_REQUIREMENT_
Reproduce word for word the lines between those holding "ラゴン、筋肉質な男性、ドラゴ" and "الدليل الثاني: أن", inclusive, and nothing else from the data below.

_TASK MATERIAL_

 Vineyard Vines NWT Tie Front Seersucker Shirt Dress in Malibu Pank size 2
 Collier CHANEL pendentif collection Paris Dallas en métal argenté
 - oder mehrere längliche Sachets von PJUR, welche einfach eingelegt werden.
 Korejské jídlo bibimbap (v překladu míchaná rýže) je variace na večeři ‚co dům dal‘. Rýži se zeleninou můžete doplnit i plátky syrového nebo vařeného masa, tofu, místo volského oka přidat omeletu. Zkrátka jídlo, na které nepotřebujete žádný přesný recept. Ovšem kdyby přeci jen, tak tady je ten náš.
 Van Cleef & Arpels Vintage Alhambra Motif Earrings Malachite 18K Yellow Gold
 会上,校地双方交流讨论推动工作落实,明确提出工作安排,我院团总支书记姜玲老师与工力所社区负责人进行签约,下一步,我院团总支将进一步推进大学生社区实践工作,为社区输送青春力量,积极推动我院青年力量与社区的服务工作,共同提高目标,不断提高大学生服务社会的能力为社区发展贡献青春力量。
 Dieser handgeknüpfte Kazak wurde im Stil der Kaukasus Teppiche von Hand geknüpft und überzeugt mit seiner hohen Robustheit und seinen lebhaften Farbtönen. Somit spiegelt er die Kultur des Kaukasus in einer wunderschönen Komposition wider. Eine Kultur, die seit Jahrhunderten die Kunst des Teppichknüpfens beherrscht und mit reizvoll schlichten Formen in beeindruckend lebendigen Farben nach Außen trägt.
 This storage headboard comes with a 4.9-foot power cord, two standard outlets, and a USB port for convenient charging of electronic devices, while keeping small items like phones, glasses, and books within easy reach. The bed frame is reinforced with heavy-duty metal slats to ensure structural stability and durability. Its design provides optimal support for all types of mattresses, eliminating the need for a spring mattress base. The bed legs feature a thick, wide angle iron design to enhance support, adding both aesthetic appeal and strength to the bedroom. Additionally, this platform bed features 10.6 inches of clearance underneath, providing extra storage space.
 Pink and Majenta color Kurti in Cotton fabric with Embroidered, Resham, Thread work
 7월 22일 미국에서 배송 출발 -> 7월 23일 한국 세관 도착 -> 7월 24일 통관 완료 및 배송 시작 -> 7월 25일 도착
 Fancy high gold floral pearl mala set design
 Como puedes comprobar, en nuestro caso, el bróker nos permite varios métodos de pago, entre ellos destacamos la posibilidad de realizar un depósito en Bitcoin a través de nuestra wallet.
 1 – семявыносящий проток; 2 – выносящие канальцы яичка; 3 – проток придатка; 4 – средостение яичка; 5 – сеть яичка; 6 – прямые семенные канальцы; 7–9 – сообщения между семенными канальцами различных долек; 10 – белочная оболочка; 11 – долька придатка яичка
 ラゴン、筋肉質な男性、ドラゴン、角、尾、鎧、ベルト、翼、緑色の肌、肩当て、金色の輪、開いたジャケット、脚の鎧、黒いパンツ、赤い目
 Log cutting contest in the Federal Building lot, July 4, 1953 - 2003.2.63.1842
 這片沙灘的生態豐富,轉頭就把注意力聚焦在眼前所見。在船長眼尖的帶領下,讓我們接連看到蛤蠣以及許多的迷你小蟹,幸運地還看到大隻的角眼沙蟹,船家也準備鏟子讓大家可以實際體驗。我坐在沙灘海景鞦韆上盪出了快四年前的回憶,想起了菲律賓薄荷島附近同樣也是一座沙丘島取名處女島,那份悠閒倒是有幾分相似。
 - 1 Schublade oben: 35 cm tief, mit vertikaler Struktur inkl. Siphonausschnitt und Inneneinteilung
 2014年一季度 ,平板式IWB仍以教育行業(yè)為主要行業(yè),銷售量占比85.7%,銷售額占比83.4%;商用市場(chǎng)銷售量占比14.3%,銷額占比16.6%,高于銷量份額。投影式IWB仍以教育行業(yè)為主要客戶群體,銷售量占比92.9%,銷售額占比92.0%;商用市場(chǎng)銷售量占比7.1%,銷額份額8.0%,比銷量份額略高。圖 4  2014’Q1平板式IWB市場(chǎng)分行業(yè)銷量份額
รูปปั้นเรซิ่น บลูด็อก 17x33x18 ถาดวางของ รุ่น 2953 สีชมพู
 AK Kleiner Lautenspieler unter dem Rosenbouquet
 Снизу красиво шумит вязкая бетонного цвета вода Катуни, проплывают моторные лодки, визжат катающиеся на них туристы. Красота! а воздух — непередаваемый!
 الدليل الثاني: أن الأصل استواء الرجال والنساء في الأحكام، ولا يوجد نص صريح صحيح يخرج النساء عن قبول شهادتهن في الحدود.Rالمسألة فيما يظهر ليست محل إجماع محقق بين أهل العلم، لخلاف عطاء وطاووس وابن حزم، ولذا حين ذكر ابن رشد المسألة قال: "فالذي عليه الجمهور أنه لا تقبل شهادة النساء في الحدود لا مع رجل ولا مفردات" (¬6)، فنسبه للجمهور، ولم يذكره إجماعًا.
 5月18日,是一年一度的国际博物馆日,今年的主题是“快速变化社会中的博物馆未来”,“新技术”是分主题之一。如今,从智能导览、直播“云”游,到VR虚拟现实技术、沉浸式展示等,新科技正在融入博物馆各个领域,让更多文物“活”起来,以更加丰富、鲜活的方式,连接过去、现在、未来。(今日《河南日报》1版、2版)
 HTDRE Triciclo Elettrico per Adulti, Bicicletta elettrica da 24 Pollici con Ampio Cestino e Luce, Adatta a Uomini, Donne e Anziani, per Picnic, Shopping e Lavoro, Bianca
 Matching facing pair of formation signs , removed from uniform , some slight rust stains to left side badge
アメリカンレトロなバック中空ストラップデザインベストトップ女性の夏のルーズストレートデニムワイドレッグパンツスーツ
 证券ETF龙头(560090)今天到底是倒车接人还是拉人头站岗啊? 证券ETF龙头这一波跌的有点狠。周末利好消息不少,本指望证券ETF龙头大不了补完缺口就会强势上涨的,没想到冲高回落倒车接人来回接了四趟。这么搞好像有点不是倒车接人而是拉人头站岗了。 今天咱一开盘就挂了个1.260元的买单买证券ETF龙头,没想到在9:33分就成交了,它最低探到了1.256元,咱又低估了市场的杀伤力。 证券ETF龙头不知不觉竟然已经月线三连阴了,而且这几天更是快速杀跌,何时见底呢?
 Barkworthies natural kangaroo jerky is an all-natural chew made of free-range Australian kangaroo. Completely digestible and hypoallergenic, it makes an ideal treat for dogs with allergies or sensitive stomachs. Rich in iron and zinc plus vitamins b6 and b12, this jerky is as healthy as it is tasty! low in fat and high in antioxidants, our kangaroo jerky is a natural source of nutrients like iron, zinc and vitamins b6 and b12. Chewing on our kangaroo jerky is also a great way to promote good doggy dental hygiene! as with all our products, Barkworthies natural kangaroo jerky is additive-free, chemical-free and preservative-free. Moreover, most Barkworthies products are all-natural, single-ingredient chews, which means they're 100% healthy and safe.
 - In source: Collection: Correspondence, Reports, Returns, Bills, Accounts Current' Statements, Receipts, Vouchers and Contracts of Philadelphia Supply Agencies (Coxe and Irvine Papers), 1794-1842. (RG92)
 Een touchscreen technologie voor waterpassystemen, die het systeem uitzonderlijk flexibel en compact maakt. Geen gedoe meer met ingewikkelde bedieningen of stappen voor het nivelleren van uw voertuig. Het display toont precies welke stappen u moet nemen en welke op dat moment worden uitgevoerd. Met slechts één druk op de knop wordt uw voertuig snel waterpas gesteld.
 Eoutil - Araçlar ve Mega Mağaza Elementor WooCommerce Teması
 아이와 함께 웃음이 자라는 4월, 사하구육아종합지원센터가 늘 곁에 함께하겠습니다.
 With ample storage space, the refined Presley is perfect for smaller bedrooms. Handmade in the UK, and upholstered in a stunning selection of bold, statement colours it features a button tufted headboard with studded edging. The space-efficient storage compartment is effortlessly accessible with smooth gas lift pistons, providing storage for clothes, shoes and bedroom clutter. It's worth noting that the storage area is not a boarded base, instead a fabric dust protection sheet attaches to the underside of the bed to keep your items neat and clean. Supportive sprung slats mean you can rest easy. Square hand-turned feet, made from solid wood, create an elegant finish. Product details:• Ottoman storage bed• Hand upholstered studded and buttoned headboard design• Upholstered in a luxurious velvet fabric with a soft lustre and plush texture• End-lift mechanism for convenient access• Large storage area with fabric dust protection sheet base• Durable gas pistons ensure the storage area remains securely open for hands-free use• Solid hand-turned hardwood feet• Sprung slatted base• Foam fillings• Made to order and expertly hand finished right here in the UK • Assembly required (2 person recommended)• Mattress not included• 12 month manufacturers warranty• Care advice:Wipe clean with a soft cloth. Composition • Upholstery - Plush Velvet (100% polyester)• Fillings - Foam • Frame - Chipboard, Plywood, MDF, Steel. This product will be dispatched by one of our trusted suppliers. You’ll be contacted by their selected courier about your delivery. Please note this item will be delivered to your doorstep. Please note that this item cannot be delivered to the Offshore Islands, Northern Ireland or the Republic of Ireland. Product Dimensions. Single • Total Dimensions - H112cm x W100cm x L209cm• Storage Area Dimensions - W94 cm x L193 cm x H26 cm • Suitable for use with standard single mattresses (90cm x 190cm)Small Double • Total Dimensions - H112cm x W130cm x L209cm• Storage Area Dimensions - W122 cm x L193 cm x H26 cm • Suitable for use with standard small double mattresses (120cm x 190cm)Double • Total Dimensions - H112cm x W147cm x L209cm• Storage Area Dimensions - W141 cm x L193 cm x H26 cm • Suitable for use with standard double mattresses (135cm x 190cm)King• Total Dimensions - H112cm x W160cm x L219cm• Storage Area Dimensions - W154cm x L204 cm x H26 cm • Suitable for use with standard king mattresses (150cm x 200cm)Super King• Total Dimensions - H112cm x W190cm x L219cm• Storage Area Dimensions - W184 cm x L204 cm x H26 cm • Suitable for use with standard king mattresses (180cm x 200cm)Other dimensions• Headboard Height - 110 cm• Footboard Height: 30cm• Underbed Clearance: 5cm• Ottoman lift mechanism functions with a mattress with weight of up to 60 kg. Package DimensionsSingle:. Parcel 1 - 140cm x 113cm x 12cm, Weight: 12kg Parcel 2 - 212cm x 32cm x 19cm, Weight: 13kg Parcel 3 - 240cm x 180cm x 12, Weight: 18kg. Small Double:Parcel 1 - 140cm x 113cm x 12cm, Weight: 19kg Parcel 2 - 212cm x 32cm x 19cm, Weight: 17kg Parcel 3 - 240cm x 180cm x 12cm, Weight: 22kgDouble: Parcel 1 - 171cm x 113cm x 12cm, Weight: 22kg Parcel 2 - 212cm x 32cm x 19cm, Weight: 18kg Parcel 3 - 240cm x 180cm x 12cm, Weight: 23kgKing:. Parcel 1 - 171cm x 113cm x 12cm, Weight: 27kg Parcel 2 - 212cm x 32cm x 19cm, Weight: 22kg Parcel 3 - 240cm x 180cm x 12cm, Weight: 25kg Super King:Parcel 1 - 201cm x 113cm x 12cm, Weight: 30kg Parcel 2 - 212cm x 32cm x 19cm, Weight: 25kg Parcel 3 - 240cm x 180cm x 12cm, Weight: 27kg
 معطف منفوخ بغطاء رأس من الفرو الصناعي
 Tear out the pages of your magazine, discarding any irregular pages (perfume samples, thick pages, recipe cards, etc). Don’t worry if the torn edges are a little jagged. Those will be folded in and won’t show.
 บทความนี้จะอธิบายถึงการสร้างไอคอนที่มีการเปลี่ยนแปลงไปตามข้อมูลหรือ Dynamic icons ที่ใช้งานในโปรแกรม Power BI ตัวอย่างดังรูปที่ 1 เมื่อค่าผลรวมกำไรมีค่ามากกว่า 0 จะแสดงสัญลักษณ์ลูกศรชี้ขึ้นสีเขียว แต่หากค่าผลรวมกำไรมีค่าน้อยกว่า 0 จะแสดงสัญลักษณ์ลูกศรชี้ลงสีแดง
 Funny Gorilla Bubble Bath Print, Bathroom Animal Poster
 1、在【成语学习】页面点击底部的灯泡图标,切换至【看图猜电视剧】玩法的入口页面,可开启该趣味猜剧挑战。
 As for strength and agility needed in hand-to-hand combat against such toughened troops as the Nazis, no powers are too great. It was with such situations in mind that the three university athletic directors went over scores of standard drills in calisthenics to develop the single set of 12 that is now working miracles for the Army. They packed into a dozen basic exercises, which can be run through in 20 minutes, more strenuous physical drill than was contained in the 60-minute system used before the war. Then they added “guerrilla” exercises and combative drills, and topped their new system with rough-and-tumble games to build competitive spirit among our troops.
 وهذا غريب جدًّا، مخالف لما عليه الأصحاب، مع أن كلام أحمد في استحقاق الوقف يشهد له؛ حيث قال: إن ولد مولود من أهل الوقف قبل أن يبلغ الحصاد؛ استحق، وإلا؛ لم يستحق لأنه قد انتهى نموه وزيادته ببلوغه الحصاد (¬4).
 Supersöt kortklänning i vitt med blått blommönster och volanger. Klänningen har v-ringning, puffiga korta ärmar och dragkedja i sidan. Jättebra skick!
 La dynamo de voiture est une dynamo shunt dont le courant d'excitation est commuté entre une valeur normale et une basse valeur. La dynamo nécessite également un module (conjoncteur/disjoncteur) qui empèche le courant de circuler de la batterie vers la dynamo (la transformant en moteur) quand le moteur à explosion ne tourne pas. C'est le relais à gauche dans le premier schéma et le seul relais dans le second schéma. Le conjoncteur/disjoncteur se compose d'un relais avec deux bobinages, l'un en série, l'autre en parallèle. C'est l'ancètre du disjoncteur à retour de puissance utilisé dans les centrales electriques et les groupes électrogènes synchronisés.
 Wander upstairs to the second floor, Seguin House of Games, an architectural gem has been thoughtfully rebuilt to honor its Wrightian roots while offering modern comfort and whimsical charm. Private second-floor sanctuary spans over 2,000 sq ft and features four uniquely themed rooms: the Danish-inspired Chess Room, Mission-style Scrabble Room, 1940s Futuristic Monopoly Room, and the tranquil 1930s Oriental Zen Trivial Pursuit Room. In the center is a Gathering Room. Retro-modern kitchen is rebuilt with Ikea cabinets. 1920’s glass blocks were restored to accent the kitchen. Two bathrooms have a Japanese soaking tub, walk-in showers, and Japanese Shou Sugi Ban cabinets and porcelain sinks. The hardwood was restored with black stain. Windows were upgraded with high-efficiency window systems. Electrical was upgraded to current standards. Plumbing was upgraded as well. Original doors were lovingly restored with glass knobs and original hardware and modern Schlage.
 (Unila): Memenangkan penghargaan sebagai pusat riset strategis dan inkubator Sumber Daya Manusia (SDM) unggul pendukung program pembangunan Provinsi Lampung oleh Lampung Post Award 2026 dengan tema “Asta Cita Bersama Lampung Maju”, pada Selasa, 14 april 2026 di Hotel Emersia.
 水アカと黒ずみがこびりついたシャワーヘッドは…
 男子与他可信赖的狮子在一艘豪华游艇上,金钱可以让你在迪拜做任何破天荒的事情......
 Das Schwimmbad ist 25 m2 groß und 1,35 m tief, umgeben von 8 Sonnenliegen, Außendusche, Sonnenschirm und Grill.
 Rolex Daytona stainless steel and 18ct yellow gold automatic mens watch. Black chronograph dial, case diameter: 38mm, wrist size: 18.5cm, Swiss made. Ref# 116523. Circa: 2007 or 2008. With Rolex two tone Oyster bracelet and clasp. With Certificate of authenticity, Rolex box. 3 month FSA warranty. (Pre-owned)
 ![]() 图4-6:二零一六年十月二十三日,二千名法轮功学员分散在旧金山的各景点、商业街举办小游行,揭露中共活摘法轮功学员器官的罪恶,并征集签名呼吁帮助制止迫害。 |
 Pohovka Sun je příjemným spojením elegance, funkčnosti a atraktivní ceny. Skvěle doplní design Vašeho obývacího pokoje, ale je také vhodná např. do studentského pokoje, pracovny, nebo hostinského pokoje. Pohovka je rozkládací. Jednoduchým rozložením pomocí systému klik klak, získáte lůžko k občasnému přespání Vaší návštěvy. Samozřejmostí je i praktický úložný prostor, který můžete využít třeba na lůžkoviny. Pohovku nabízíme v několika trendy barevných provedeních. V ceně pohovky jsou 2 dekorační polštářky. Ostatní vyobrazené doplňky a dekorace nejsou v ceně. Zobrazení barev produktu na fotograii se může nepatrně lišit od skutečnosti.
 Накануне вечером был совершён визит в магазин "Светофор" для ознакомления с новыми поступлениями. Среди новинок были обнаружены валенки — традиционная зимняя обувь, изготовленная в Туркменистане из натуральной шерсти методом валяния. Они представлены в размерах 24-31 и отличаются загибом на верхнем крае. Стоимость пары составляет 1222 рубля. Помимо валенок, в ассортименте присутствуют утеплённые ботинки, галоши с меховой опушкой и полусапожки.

_YOUR SOLUTION_
 ラゴン、筋肉質な男性、ドラゴン、角、尾、鎧、ベルト、翼、緑色の肌、肩当て、金色の輪、開いたジャケット、脚の鎧、黒いパンツ、赤い目
 Log cutting contest in the Federal Building lot, July 4, 1953 - 2003.2.63.1842
 這片沙灘的生態豐富,轉頭就把注意力聚焦在眼前所見。在船長眼尖的帶領下,讓我們接連看到蛤蠣以及許多的迷你小蟹,幸運地還看到大隻的角眼沙蟹,船家也準備鏟子讓大家可以實際體驗。我坐在沙灘海景鞦韆上盪出了快四年前的回憶,想起了菲律賓薄荷島附近同樣也是一座沙丘島取名處女島,那份悠閒倒是有幾分相似。
 - 1 Schublade oben: 35 cm tief, mit vertikaler Struktur inkl. Siphonausschnitt und Inneneinteilung
 2014年一季度 ,平板式IWB仍以教育行業(yè)為主要行業(yè),銷售量占比85.7%,銷售額占比83.4%;商用市場(chǎng)銷售量占比14.3%,銷額占比16.6%,高于銷量份額。投影式IWB仍以教育行業(yè)為主要客戶群體,銷售量占比92.9%,銷售額占比92.0%;商用市場(chǎng)銷售量占比7.1%,銷額份額8.0%,比銷量份額略高。圖 4  2014’Q1平板式IWB市場(chǎng)分行業(yè)銷量份額
รูปปั้นเรซิ่น บลูด็อก 17x33x18 ถาดวางของ รุ่น 2953 สีชมพู
 AK Kleiner Lautenspieler unter dem Rosenbouquet
 Снизу красиво шумит вязкая бетонного цвета вода Катуни, проплывают моторные лодки, визжат катающиеся на них туристы. Красота! а воздух — непередаваемый!
 الدليل الثاني: أن الأصل استواء الرجال والنساء في الأحكام، ولا يوجد نص صريح صحيح يخرج النساء عن قبول شهادتهن في الحدود.Rالمسألة فيما يظهر ليست محل إجماع محقق بين أهل العلم، لخلاف عطاء وطاووس وابن حزم، ولذا حين ذكر ابن رشد المسألة قال: "فالذي عليه الجمهور أنه لا تقبل شهادة النساء في الحدود لا مع رجل ولا مفردات" (¬6)، فنسبه للجمهور، ولم يذكره إجماعًا.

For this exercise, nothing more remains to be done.